WHAT THIS TASK INVOLVES >> The answer is to be an exact copy of the lines below running from the line with "1. Make sure" down to the line with "Según los datos", both ends included, and nothing more.

--- RECORDS PROVIDED ---

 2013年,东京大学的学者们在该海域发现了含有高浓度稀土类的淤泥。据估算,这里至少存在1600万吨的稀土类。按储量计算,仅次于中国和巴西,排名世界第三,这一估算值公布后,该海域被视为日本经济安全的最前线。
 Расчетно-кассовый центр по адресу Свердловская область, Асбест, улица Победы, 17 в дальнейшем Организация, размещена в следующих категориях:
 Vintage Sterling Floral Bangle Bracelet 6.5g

---
--- RECORDS PROVIDED ---

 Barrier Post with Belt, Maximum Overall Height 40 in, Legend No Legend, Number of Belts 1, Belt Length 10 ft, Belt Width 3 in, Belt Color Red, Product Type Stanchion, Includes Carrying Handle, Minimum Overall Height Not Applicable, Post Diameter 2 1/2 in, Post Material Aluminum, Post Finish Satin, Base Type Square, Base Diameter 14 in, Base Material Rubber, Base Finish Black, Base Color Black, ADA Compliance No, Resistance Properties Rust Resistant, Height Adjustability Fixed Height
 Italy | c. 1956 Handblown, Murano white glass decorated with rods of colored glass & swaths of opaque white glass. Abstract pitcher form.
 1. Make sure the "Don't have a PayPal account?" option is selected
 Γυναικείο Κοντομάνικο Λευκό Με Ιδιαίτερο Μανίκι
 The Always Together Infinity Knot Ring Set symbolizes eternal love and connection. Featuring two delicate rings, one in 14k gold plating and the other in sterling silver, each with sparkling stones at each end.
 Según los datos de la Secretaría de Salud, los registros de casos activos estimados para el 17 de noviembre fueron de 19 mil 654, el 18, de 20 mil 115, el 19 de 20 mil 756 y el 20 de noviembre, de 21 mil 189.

---

ANSWER SPACE >>
 1. Make sure the "Don't have a PayPal account?" option is selected
 Γυναικείο Κοντομάνικο Λευκό Με Ιδιαίτερο Μανίκι
 The Always Together Infinity Knot Ring Set symbolizes eternal love and connection. Featuring two delicate rings, one in 14k gold plating and the other in sterling silver, each with sparkling stones at each end.
 Según los datos de la Secretaría de Salud, los registros de casos activos estimados para el 17 de noviembre fueron de 19 mil 654, el 18, de 20 mil 115, el 19 de 20 mil 756 y el 20 de noviembre, de 21 mil 189.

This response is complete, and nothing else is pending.